Врал ведь, врал. И прекрасно понимал, что она не верит, но упёрто пытался переубедить, отвлечь. Повторил, наморщив лоб:
– Ну, Алён. Ну, извини, если я что-то не то ляпнул. Ты же знаешь, со мной бывает.
– Шарицкий! Чёрт! – выдохнула Алёна досадливо, возразила с напором: – Нет, такого не знаю. Тебя – такого. Объясни мне, что происходит? – Андрюха открыл рот, но Алёна уже по выражению его лица определила, что сейчас последуют прежние отговорки и решительно заявила: – «Ничего» не прокатит. «Всё отлично» – тем более. Скажи уже честно. Ты же всегда говорил, не боялся. Сейчас-то что? Такая страшная тайна? Или я не заслуживаю знать?
Он наклонил голову, пристально глянул исподлобья, хмыкнул, растянул губы в улыбке и всё-таки произнёс:
– От меня жена ушла.
43
Алёна не смогла оценить и осознать услышанное вот так сразу, зато логический обоснованный или, скорее, спровоцированный бестактным обывательским любопытством вопрос вылетел на автомате:
– Почему?
Шарицкий отвёл глаза, дёрнул бровью и уголком рта.
– Посчитала, что недостаточно счастлива. И нет смысла тянуть дальше.
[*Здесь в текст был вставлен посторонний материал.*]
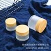 Botella de crema de vidrio esmerilado, 50 g, 30 g, 20 g, 15 g y 10 g, con tapa de veta de madera.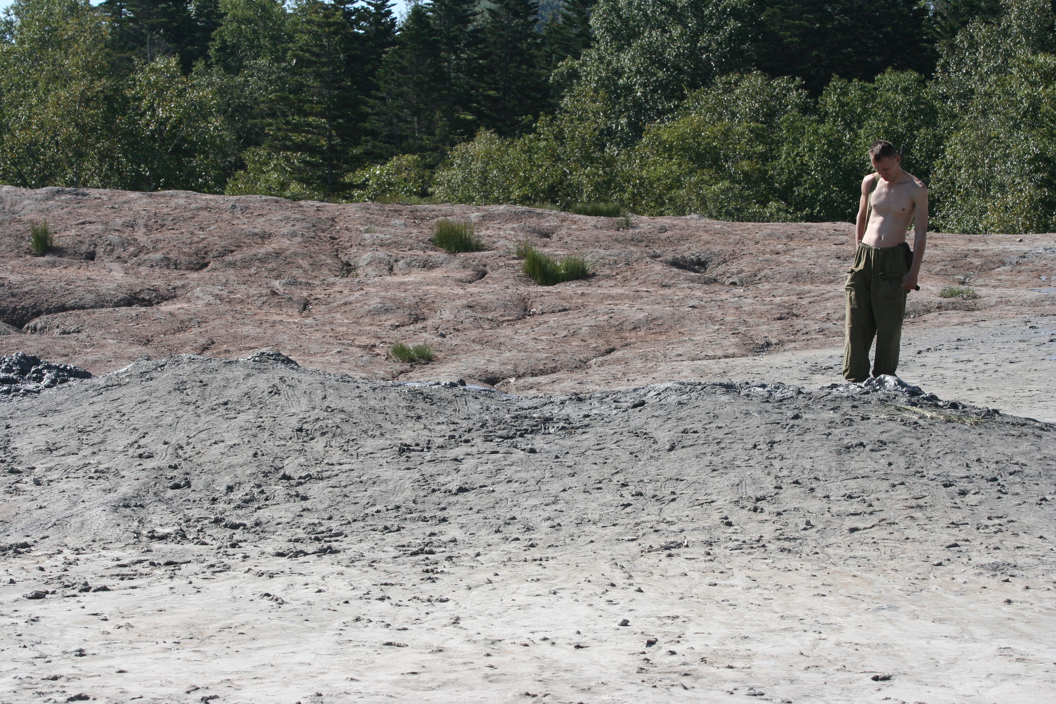 Kolya Illarianov stands next to one of several "mud volcanoes" near Sinegorsk, Sakhalin Island, Russia. Sinegorsk, Sakhalin Island, Russia.
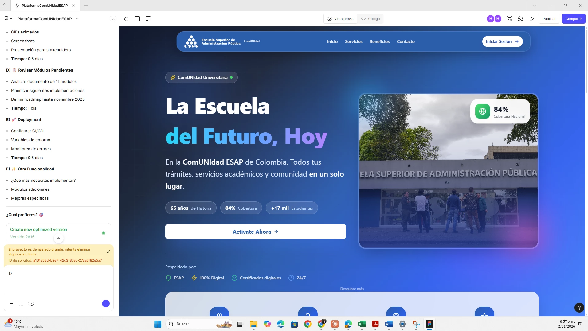 Algo que estoy mirando en figma make , es que me dice que el archivo es demasiado grande y no me deja seguir , trate de eliminar , pero llegue al unto que no puedo hacer nada más . Algo se puede hacer ? trabajar local ?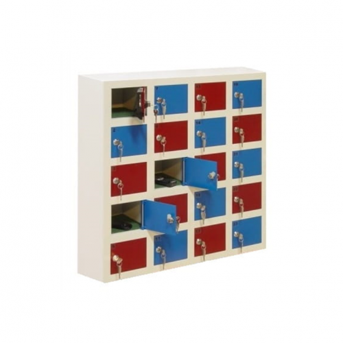 Wertfachschrank aus Metall mit kleinen Fächern. Geeignet für die Aufbewahrung kleiner Gegenstände wie Geldtasche oder Handy. Im Inneren des Fachs mit Stofffutter versehen, das die gelagerten Gegenstände vor Kratzern schützt. Für jede Schranktür mit 2 Schlüsseln und Nummerierung an den Türen auf Anfrage.
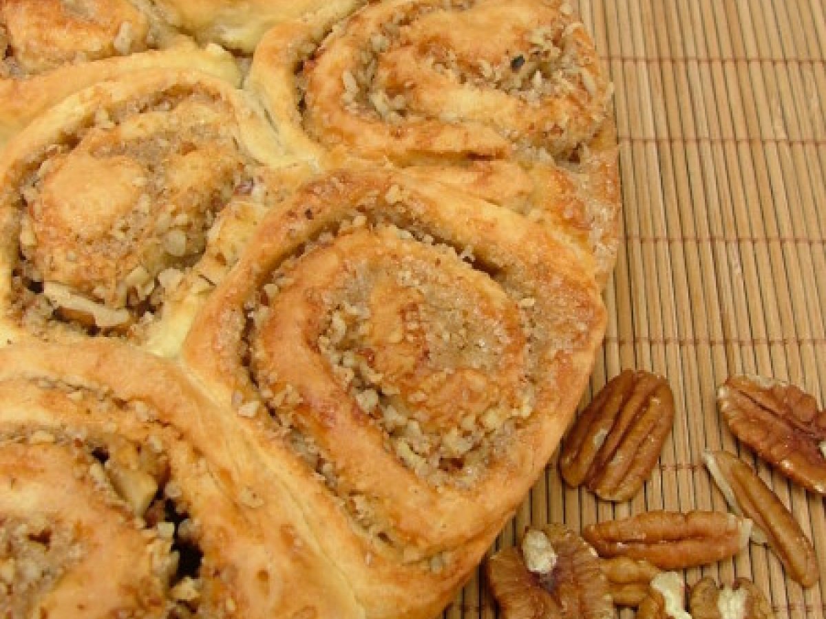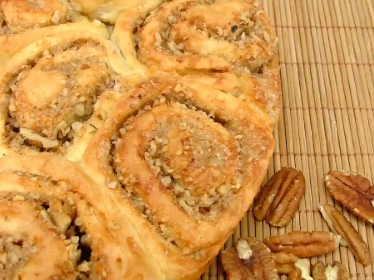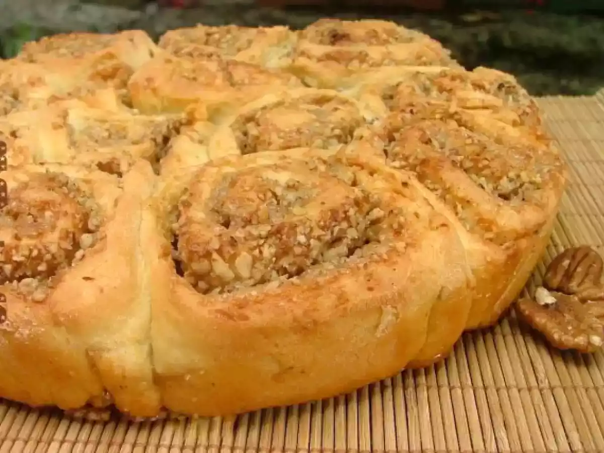 Brioche roulée aux noix & à la cannelle PrécédentSuivant Goûterfacile30 min Envoyer cette recette à un ami Imprimer cette page Poser une question à l'auteur Publier votre photo de cette recette Ingrédients 6 250 g de farine 1/2 cube de levure de boulanger 12 cl de lait 100 g de noix de pécan 30 g de sucre en poudre 1 oeuf battu 60 g de beurre mou en dés 50 g de beurre fondu 100 g de cassonade 1 cuillère à soupe de cannelle en poudre 1/2 cuillère à soupe de muscade en poudre 1/2 cuillère à café de sel Coût estimé: 5.37Euros€ (0.9€/part)
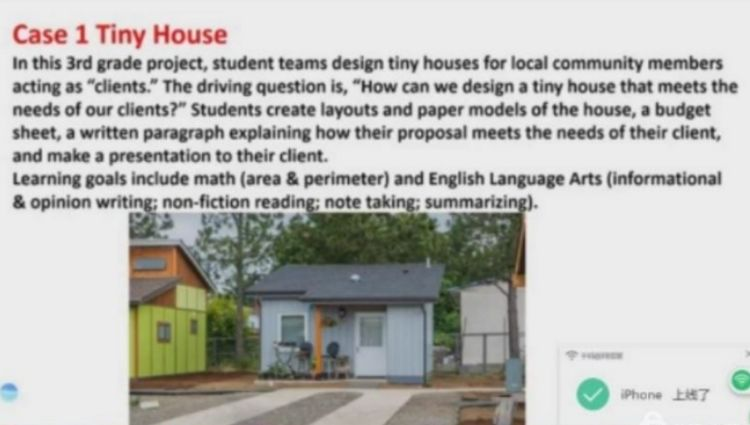 李院长讲述了PBL的一个Tiny House案例。学生们要准备layouts, paper models of the house, a budget sheet, a written paragraph等。种种举措都值得我们学习。那如何设计出符 合顾客意愿的小房子呢?那么就需要设计一个project planner。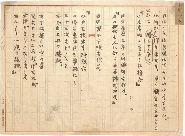• 解説 『狸老一口噺』途中 ペン書 400字詰原稿用紙1枚未完 署名欠 裁断 「文藝春秋」(3巻6号・大正14年6月号)掲載。(種別)笑話 #八木書店近代自筆物/1.草稿類 #95号近代文学特輯 95111630 ※自筆物につきましては、毎月25日前後に新蒐品を追加しております。PDF形式で御覧になりたい方は https://company.books-yagi.co.jp/archives/news/10928 を参照ください。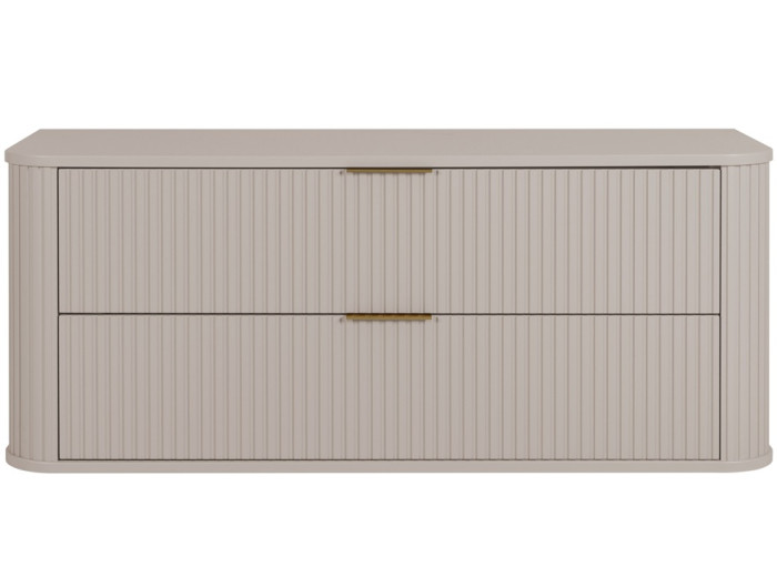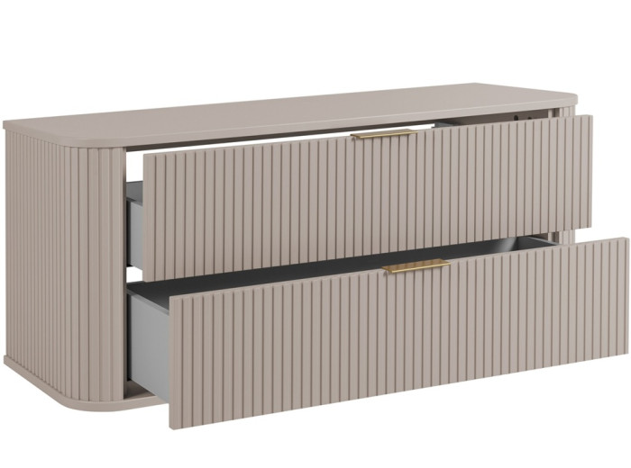 Skrinka pod umývadlo ELEGANCE kašmír K120 je ideálnym príkladom moderného kúpeľňového nábytku, ktorý kombinuje funkčnosť s estetikou. So šírkou 120 cm sa tento model dokonale hodí do každého priestoru. Vyrobená je z laminovanej drevotriesky s ABS hranami, jej predné plochy a bočnice z MDF materiálu sú zdobené zvislým drážkovaním, čo pridáva štýlový vzhľad všetkým kúpeľňovým skrinkám. Farebné prevedenie kašmír prináša do kúpeľne jemný a teplý nádych, ktorý ľahko zladíte s ostatným kúpeľňovým nábytkom.
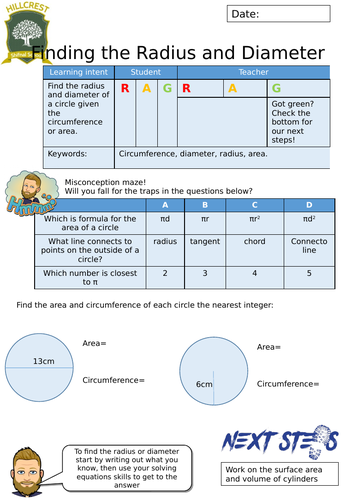 Printable math worksheets radius diameter. worksheets.theteacherscorner.net › make-your-ownCrossword Puzzle Maker | World Famous from The Teacher's Corner Our crossword puzzle maker allows you to add images, colors and fonts to create professional looking printable crossword puzzles. No registration needed to make free, professional looking crossword puzzles! › full-mathMath Worksheets Circles: Radius, Diameter, Circumference. Calculate the diameter and radius of circles; also includes circumference and area worksheets. Color-by-Number Worksheets. Color the mystery pictures according to the number key at the bottom. Counting Money (Australian) Use these worksheets to practice counting Australian money. Counting Money (Canadian) imathworksheets.com › equations-worksheets › equations-andEquations and Word Problems Worksheets | Math Worksheets Radius or Diameter Given (In Terms of Pi) Volume of a Rectangular Prism; Volume of a Sphere. Radius Given (Using 3.14) Diameter Given (Using 3.14) Radius or Diameter Given (Using 3.14) Radius Given (In Terms of Pi) Diameter Given (In Terms of Pi) Radius or Diameter Given (In Terms of Pi) Volume of a Triangular Prism; Math Worksheets. Absolute ... › classroomresourcesClassroom Resources - National Council of Teachers of Mathematics This extensive library hosts sets of math problems suitable for students PreK-12. The resources span multiple topics and members have access to the over 1,000 problems and supporting materials! NCTM members can browse the extensive archive of Students Explorations in Mathematics activities and materials.
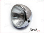 Introducing a stunning classic style headlight featuring a glass lens and full metal housing, perfect for Cafe Racers, Project Bikes, Harley Davidson, Streetfighters, Trikes, Choppers, and more.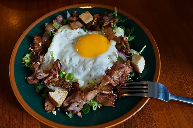 除了炫目的黃澄蛋外 煎得恰當合宜的鹹豬肉更是主要主角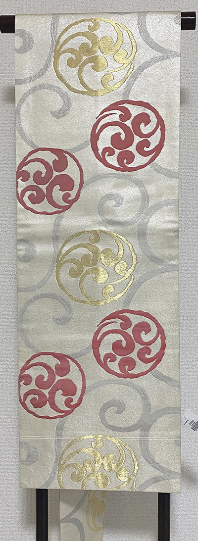 しなやかで張りのある手触りで確りと打ち込まれた淡いベージュ色の錦地織りに、蔓花の柄を金銀糸と銀箔・紅色などで重ね織りした品。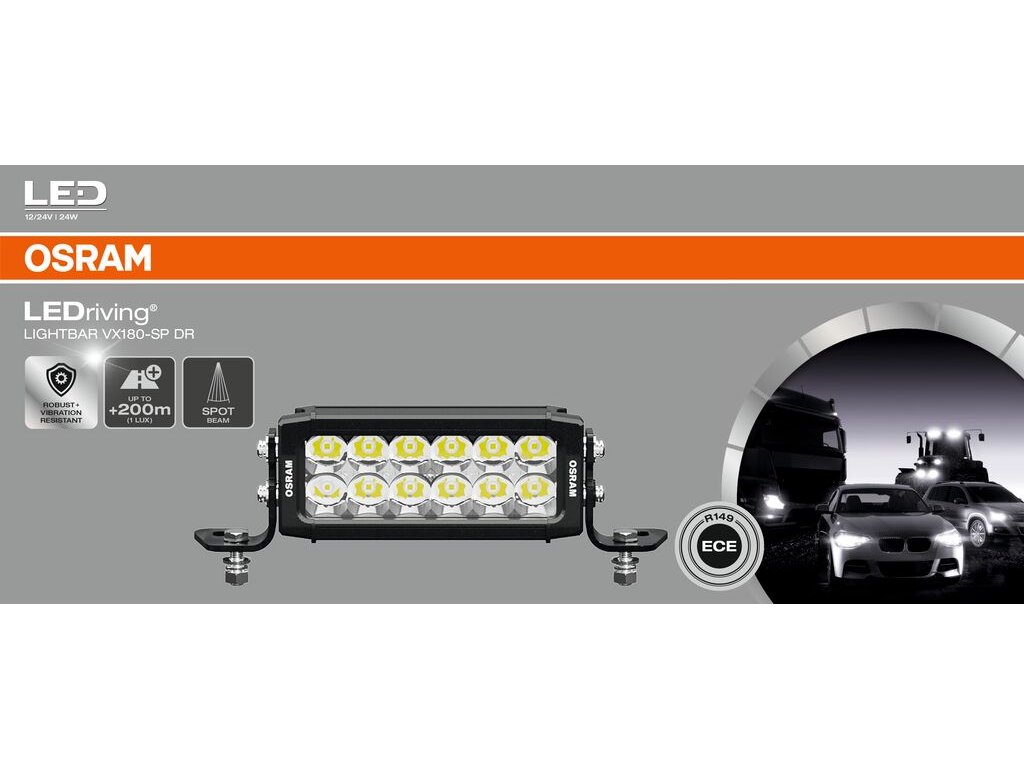LEDriving Lightbar VX180-SP DR je účinným a efektivním doplňkem vašeho vozidla a lze jej připevnit na osobní a nákladní vozidla, zemědělské stroje, užitková vozidla, stavební vozidla, karavany, terénní vozidla a čtyřkolky (1).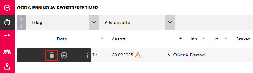 Det er nå mulig å slette en ubehandlet utregistrering direkte i Timer. Dette er nyttig for eksempel dersom en ansatt har registrert seg ut to ganger.

Она не поняла, толком не поняла, что он имел в виду, но уточнять не стала и лицо делать сочувственное. Заметила проходящего неподалёку официанта, проговорила задумчиво:
– Слушай, Андрюш. Может, лучше не десерт? А?
– Выпить хочешь? – безошибочно определил Шарицкий.
– Хочу, – подтвердила Алёна. – Да хоть опять пива. Только уже не безалкогольного.
Андрюха кивнул:
– Да и я тоже. Но я ж за рулём.
– Ну, придумаем чего-нибудь. Можно будет такси вызвать. Хотя тогда придётся машину тут оставлять.
– А знаешь, что? Давай купим чего-нибудь. Не здесь, в магазине. Они же на каждом шагу. А потом посидим. У тебя или у меня.
– Давай.
Они рассчитались с официантом, затарились в ближайшем супермаркете, а потом устроились дома у Шарицкого, потому что, как оказалось, до него было ближе. И ещё:
– Ты, кстати, и переночевать у меня можешь. Чтобы никуда не тащиться. Комнаты-то две.
Алёна согласилась, хотя про себя решила, потом всё-таки вызовет такси и уедет домой. Ну, не надерутся же они до полной невменяемости, чтобы вырубиться, не сходя с места. Так, выпьют немного, чтобы стало тепло и расслабленно, чтобы растворился осадок от неудачного разговора, наболтают ещё больше, как всегда, поржут, поприкалываются, вспомнят молодость.